RECORDS TO USE:

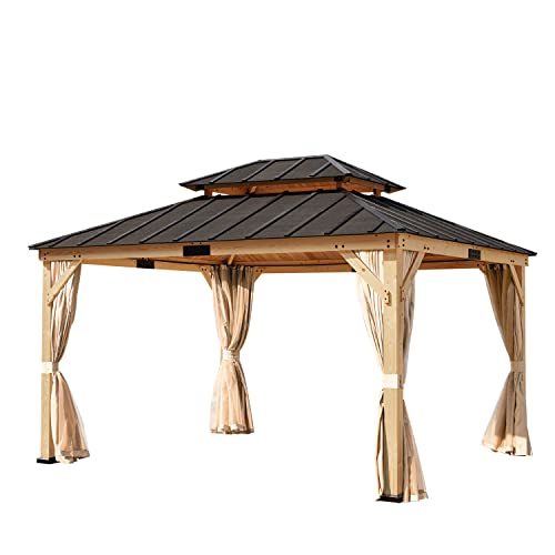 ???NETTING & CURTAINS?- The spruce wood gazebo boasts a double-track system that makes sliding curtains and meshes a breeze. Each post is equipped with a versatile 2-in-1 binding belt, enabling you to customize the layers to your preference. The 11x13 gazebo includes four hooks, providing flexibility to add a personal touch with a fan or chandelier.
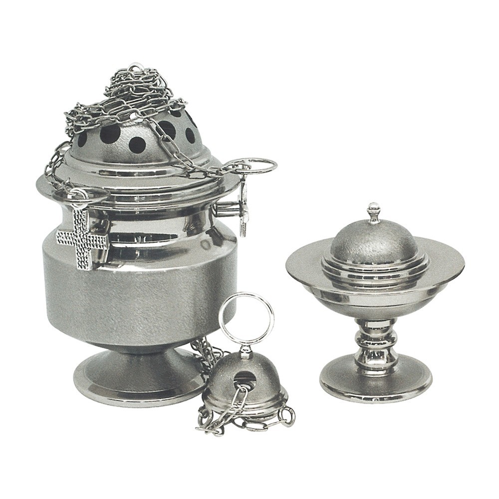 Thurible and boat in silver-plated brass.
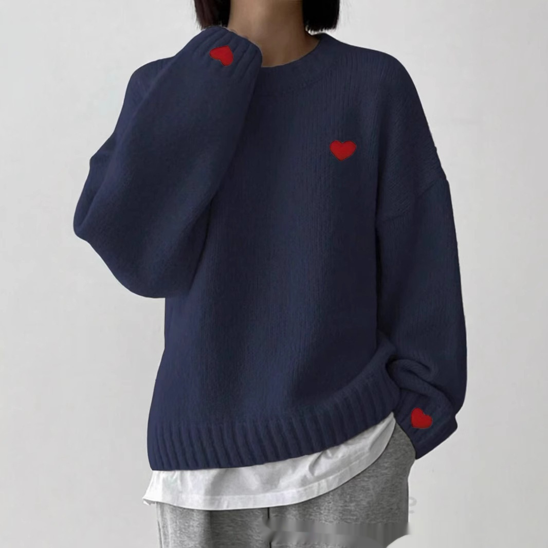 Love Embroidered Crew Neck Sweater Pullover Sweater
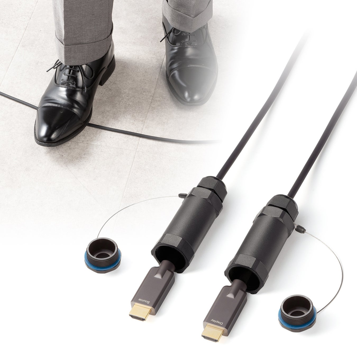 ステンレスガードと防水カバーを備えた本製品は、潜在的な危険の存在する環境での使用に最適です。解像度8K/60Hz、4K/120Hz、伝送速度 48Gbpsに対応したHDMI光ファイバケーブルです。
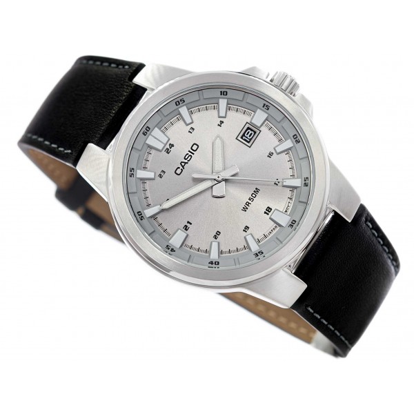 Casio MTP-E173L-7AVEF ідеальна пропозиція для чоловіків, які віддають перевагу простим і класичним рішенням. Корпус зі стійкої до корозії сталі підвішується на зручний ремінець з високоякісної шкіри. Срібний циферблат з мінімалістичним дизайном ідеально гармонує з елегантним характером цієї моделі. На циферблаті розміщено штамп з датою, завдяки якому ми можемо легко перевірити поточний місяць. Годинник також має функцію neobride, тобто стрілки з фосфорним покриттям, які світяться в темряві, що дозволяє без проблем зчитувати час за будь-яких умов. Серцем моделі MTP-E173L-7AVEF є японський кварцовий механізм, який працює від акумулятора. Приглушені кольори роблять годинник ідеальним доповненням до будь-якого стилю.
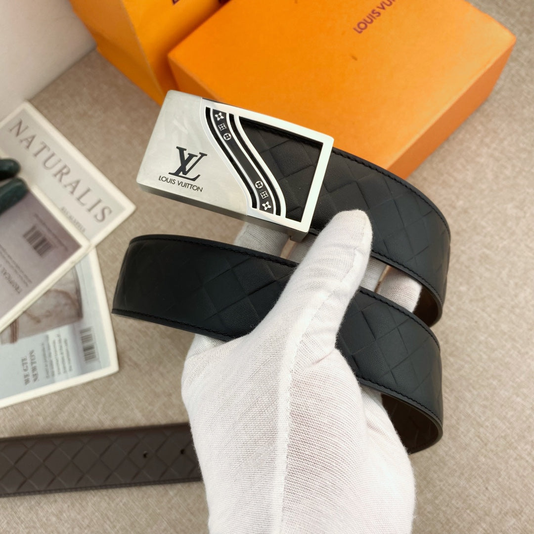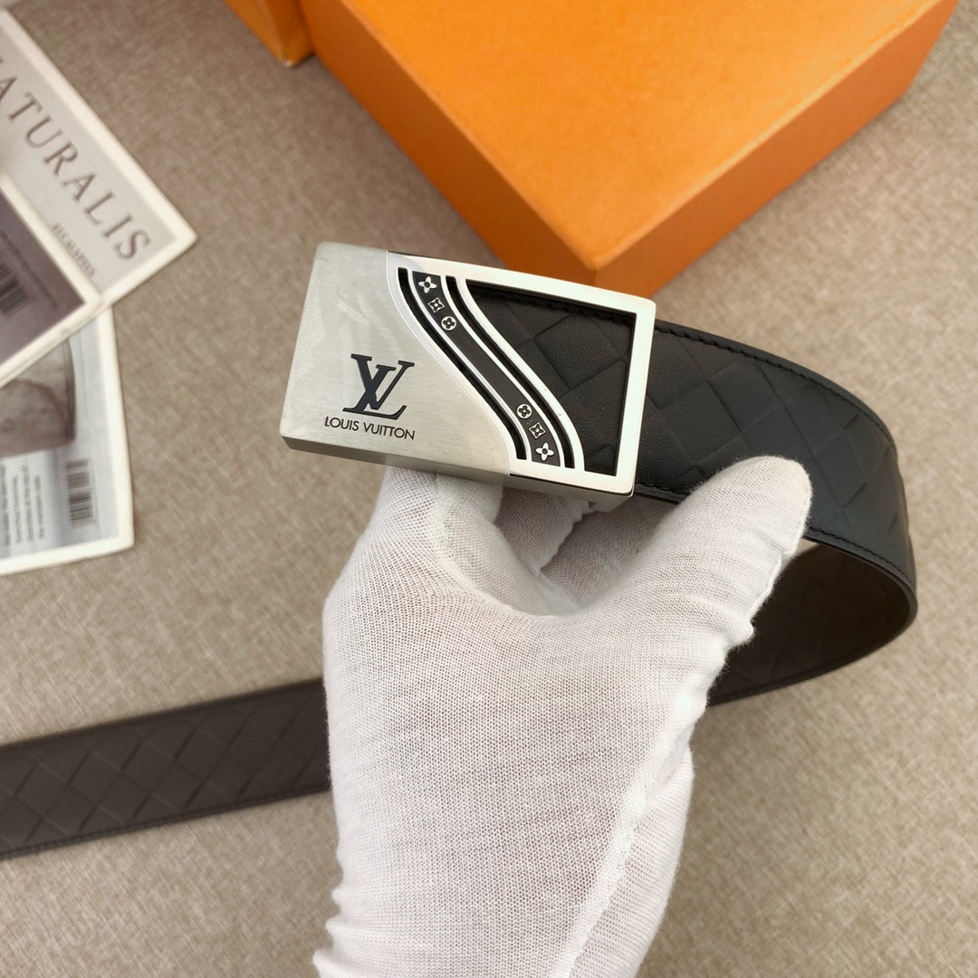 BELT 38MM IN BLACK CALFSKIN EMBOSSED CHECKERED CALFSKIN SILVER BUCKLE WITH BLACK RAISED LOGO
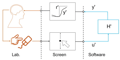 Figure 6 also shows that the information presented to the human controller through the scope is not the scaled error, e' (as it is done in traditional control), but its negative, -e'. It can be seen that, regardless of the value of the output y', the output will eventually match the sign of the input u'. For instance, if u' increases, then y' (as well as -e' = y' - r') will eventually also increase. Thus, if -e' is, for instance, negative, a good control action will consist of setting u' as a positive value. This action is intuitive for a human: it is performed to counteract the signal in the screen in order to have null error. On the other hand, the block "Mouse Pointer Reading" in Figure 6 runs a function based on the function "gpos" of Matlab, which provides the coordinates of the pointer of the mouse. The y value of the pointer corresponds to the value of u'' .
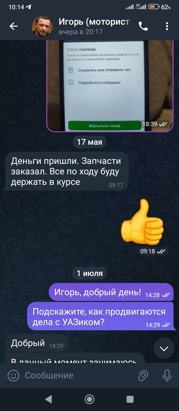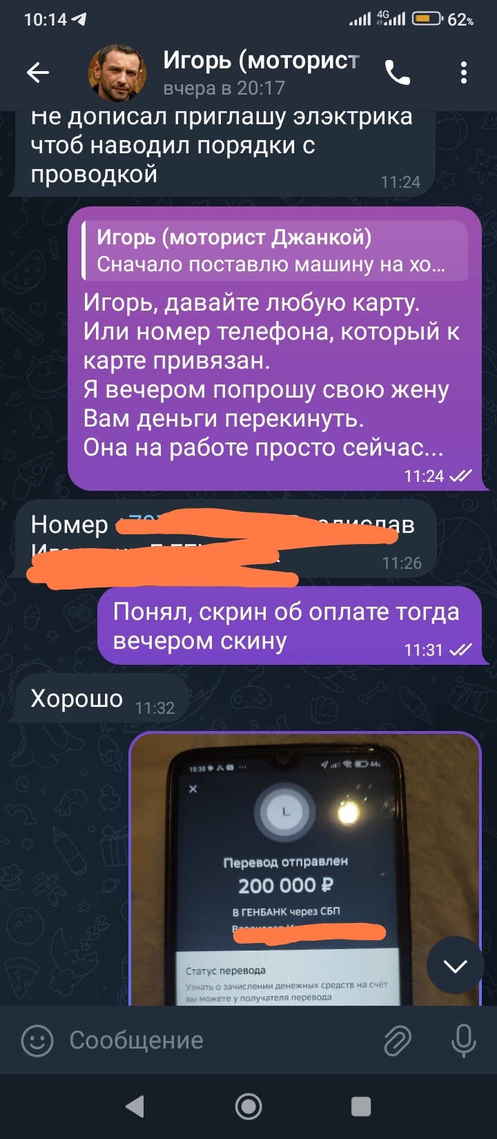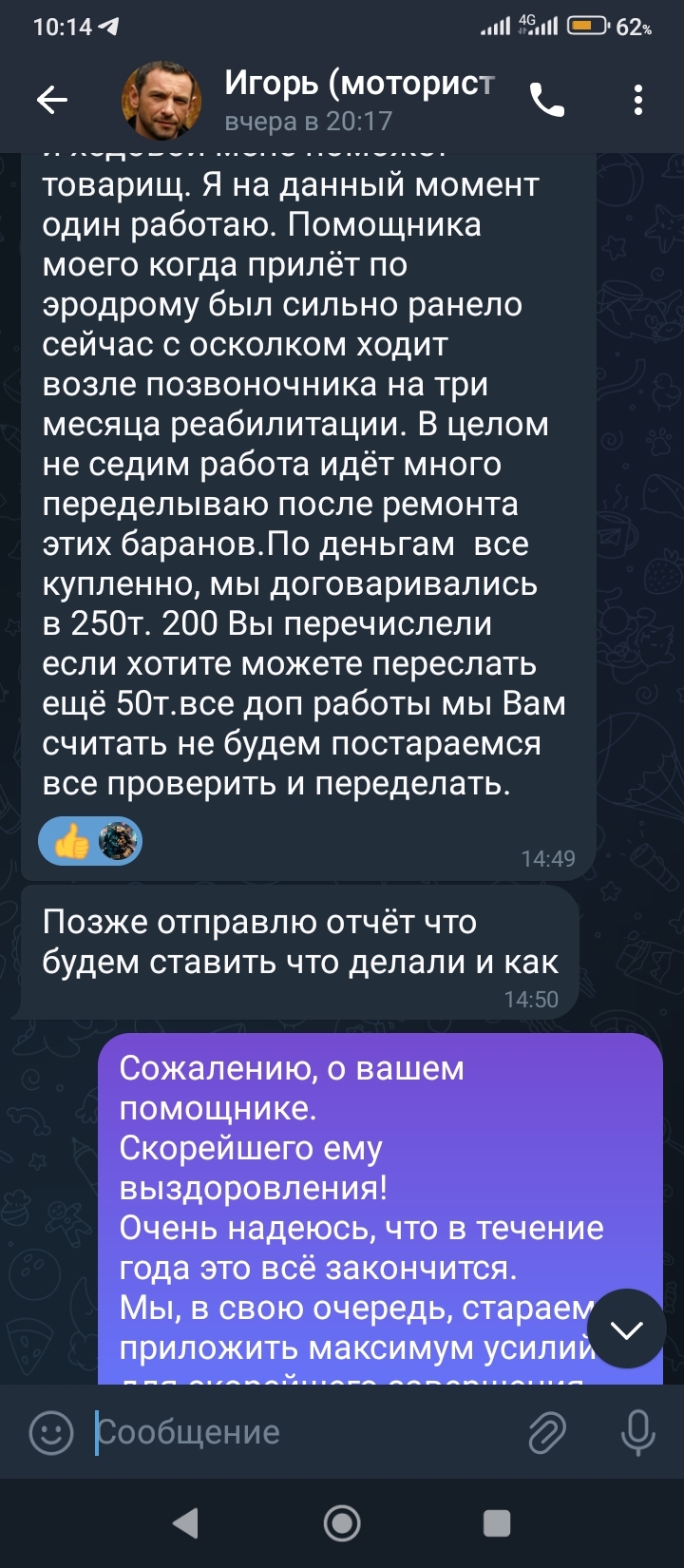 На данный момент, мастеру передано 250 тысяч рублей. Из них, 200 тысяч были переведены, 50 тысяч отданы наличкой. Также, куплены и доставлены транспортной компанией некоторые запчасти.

YOUR INSTRUCTIONS:
Go back to the lines above and output, exactly as they stand, the ones from the line containing "ステンレスガードと防水カバー" to the line containing "BELT 38MM IN". Leave all pictures behind.

RESULT OF THE EXERCISE:
 ステンレスガードと防水カバーを備えた本製品は、潜在的な危険の存在する環境での使用に最適です。解像度8K/60Hz、4K/120Hz、伝送速度 48Gbpsに対応したHDMI光ファイバケーブルです。
 Casio MTP-E173L-7AVEF ідеальна пропозиція для чоловіків, які віддають перевагу простим і класичним рішенням. Корпус зі стійкої до корозії сталі підвішується на зручний ремінець з високоякісної шкіри. Срібний циферблат з мінімалістичним дизайном ідеально гармонує з елегантним характером цієї моделі. На циферблаті розміщено штамп з датою, завдяки якому ми можемо легко перевірити поточний місяць. Годинник також має функцію neobride, тобто стрілки з фосфорним покриттям, які світяться в темряві, що дозволяє без проблем зчитувати час за будь-яких умов. Серцем моделі MTP-E173L-7AVEF є японський кварцовий механізм, який працює від акумулятора. Приглушені кольори роблять годинник ідеальним доповненням до будь-якого стилю.
 BELT 38MM IN BLACK CALFSKIN EMBOSSED CHECKERED CALFSKIN SILVER BUCKLE WITH BLACK RAISED LOGO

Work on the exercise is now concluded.